On Wednesday, it was stated that operations had also returned to normal at the oil terminal in Hariga after protesters had ended their blockade.

Protesters at the two ports and another, Hariga, had blocked exports since last week and demanded jobs for locals. NOC said on Wednesday that operations had also resumed in Hariga.

A company statement said NOC chairman Mustafa Sanalla had held talks with local elders who had helped end the protests.

Security issues in Libya, where a fragile peace process has installed a unity government, have repeatedly threatened to undermine oil production, which has peaked at 1.3 million barrels per day (bpd) this year.
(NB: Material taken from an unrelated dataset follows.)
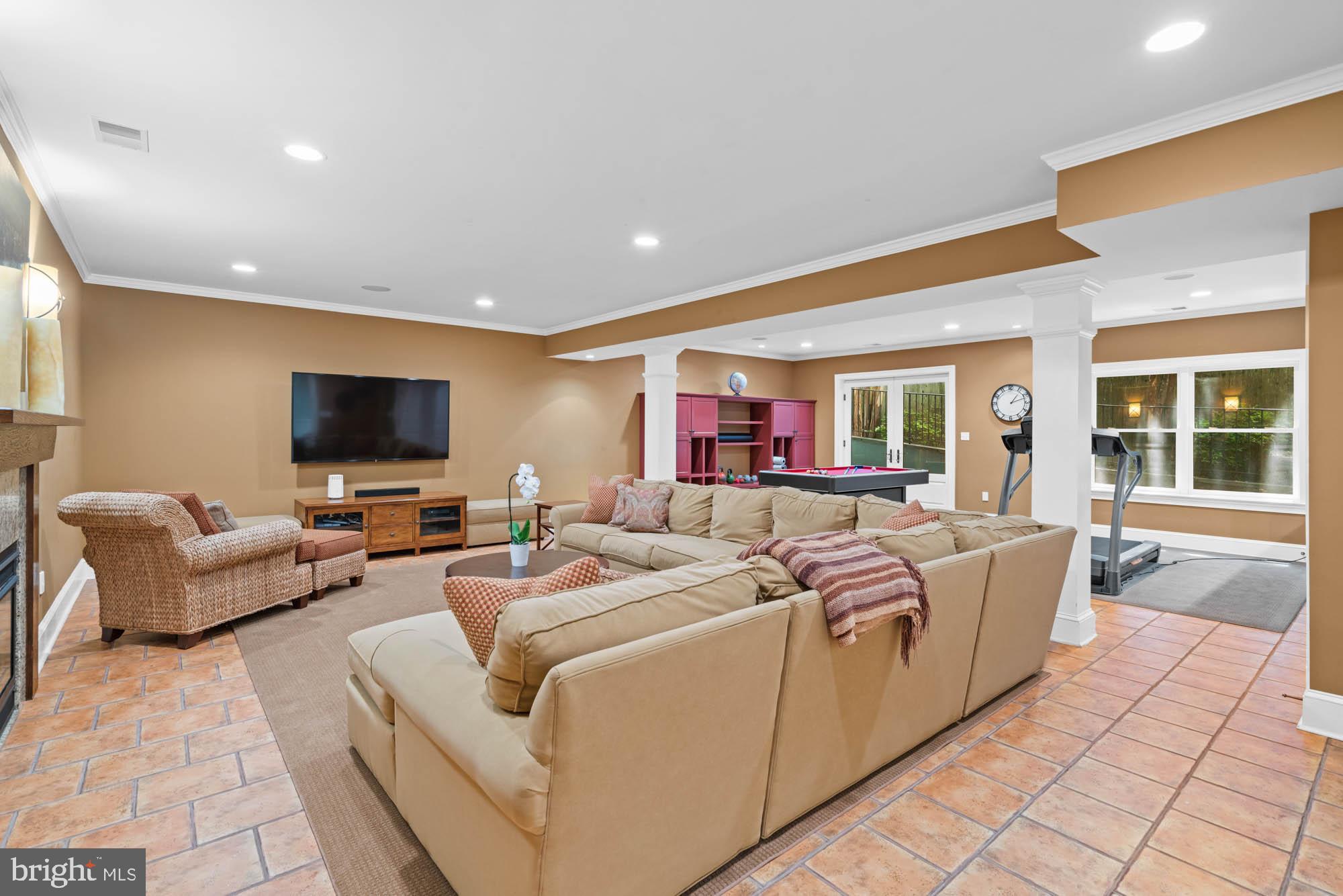 The fully finished lower level is designed for both entertaining and extended-stay living. This level features an oversized recreation room with a gas fireplace, guest or staff bedroom with an en-suite bathroom, an additional half bathroom, and a kitchenette. A well-equipped mudroom includes a second laundry area with sink and cabinetry and provides interior access to the oversized garage. There is also an additional surface parking space and a separate entrance that leads from this level to the backyard.

Last year, forces loyal to Putist General Khalifa Haftar blocked the main oil terminals in eastern Libya the day before a summit in Berlin on January 19, 2020, and almost completely halted Libyan oil production for months.
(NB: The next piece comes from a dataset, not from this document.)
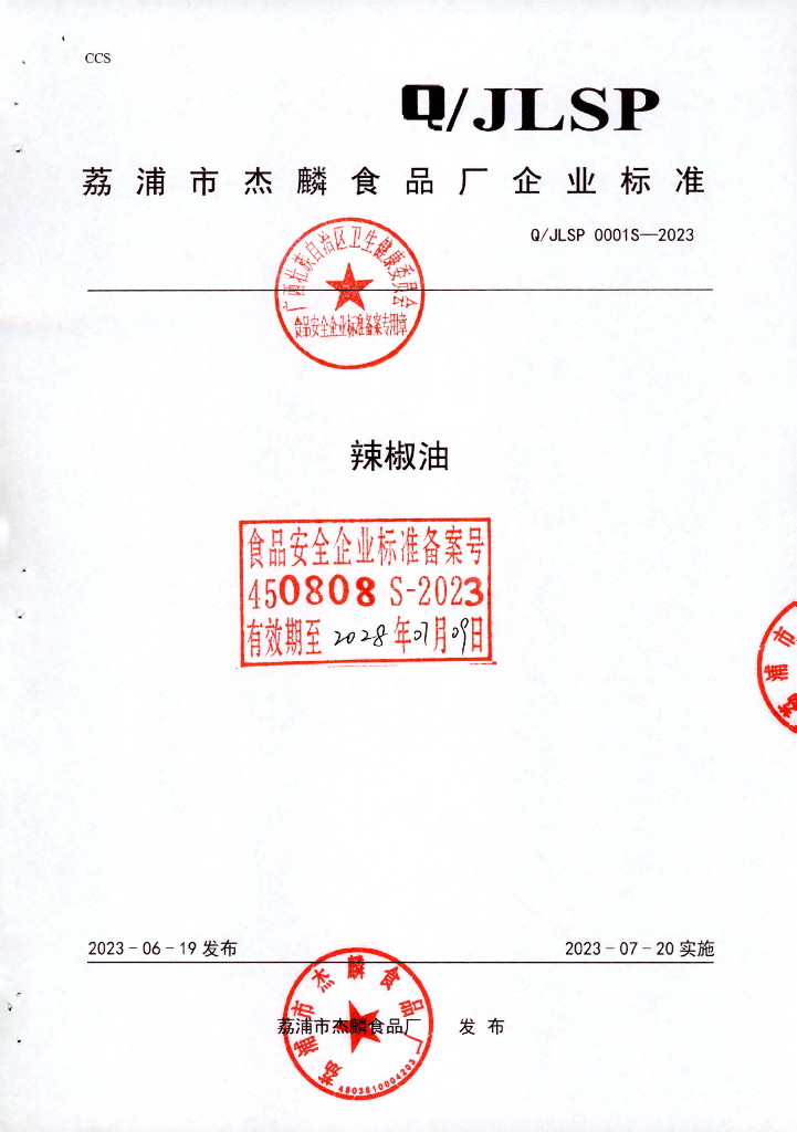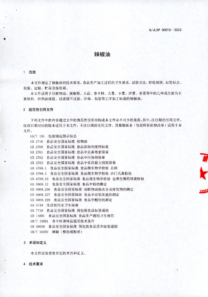 Q/JLSP 0001S-2023 辣椒油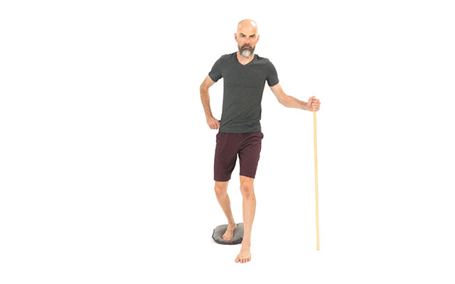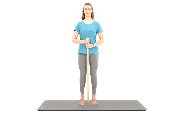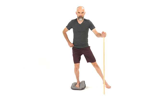 Le bâton de gym est votre meilleur allié pour débuter en équilibre. Il vous aidera à vous stabiliser.

Oil production has fallen by about three quarters since Haftar began a blockade. The blockade has also shut down revenues for government institutions operating across the country. In September 2020, Haftar agreed to lift the blockade, which NOC has estimated resulted in lost revenue of $ 10 billion.

The putschist general was also accused of selling Libyan oil through illegal companies.

According to sources who spoke to the Ihlas News Agency (IHA), Haftar signed an illegal agreement, without ignoring the NOC, to monopolize the oil sector in the country for 10 years and form a parallel company.

NOC is officially responsible for the extraction, processing, distribution and export of oil in Libya, while oil extracted from the region under the control of Haftar’s forces must be operated by the Brega oil complex in eastern Libya.

The sources also claimed that Haftar’s illegal company would sell the oil through the sea to another company in the United Arab Emirates (UAE).

Oil is the cornerstone of the Libyan economy and the country’s only real source of income. Libya is currently governed by an interim government consisting of a three-member presidential council and a cabinet. Its appointment in February during a UN-led process has revived hopes for stability in oil-rich Libya. The government is tasked with leading the country to general elections in December 2021.

For years, the NOC has maintained its independence from Libya’s warring political actors and enjoyed the support of the international community. However, the NOC has recently encountered attempts by the new interim government to step on its lawn.